Саранча прилетела в Лебаб уже отягощенная своей беспокойной и ненасытной жизнью. Самый простой рефлекс руководил ею — инстинкт воспроизведения себе подобных. Она нетронутыми оставила нежные поля хлопчатника и исчезла в пустыне. Одержимая естественным желанием смерти, саранча торопилась заложить кубышки и умереть.
И через месяц на Лебаб должно было тронуться из чрева пустыни новое поколение неисчислимых и голодных саранчуков.
Бред сомнений и лихорадка навязчивого состояния охватили Лебаб. Был только один выход: остановить роковое нашествие. Надвигалась борьба человека с насекомыми — непреклонная и бесчеловечная. Надо было готовиться к ней, стиснув зубы и затаив тревогу дыхания
Не знать врага — не знать победы. Саранчу скрывала пустыня. Саранча могла быть на севере или на юге, рядом с оазисом или в недрах раскаленных песков. Надо было во что бы то ни стало произвести регистрацию залежей кубышек и составить «саранчовую» карту. Кто-то должен был ехать в пустыню. Выбор пал на меня.
* * *
Ранним утром мы выехали в пески.
Оазис был безлюден и тих. На площади возле арыка дикие голуби наслаждались сладкой водой. В мечети слышался шорох: то осыпалась на истлевшие цыновки пыль древности и забвения. На исполкомовском крыльце доверчиво храпел милиционер. Слева, из пустыни выкатывалось солнце; оно было круглым и воспаленным, как пендинская язва.

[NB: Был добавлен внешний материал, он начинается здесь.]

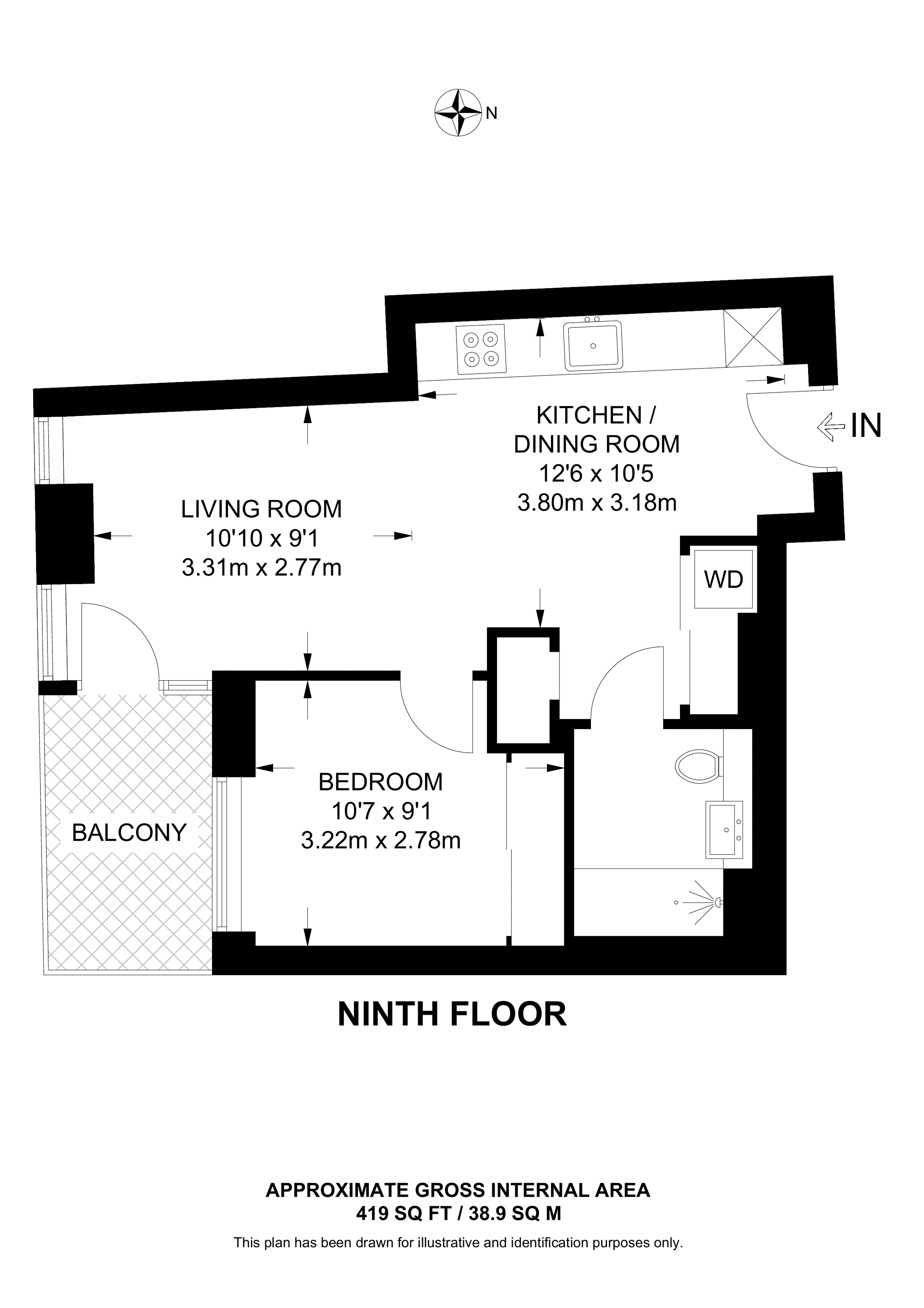 £830,000 North East aspect. 9th floor flat | 1 Bed | 580 Sq Ft54 Sq M | ||

Дорога вышла за кишлак Дюшамбе, иначе Понедельник. По краям дороги темнели однообразные углубления. В предрассветной темноте в эти заботливо вырытые ямы матери-эрсаринки кладут больных младенцев и с трепетом ждут, когда злой дух болезни, страшный «ал», прилипнет к первому проезжему и освободит любимое тельце от непонятных страданий.
Чикинский арык был полноводен, и Могучий подозрительно понюхал пыль, проходя через трясущийся мостик. На повороте к Бахши-Читагскому аулсовету он взял было вскачь от стремительной ярости лебабских псов, но одумался и через розовеющий тутовый сад, мимо изумрудного клина люцерны вынесся прямо на желтое безмолвье, к мертвому простору великих бугров.
— Ну, — сказал я, обернувшись, — прощайтесь, Абдулла, с зеленью и водой.
Переводчик Абдулла с досадной неловкостью сидел на туркменском седле. Короткие ноги его болтались, как козьи соски, и тело нависало над конскою шеей. Он ухватился рукою за ленчик и улыбнулся мне невеселой улыбкой.
Топот копыт вдруг смолк. Начались пески.
…Властительны и равнодушны Кизил-кумы. Неправдоподобен унылый хаос безжизненных бугров. По склонам их бледным видением лежит наветренная рябь. Это орнамент пустыни; он прост и нежен, как ракушка.
Меж сыпучих хребтов идет путь на Хиву. Верблюжий помет и следы караванов указывают его. Местами, как трупы горбунов, громоздятся друг на друга увалы. Порою раскрывают беззубые рты котловины. Кругом — безмолвье и гибельный покой.
Мы оборачиваемся назад.
За буграми в нестерпимой свежести зеленеет полоса оазиса. Там — вода, движение и жизнь. В глазах Абдуллы я вижу тихое отчаяние. Он шепчет: «Не скоро, ой, не скоро мы наверное вернемся…» В шопоте его — бессильная жалоба. Не много у переводчика потребностей в жизни, но даже грязный тюфяк на дворе агроцентра и сундук, в котором можно вечерами перекладывать любимые вещи, недосягаемо выросли вдруг и стали загадочно прекрасными.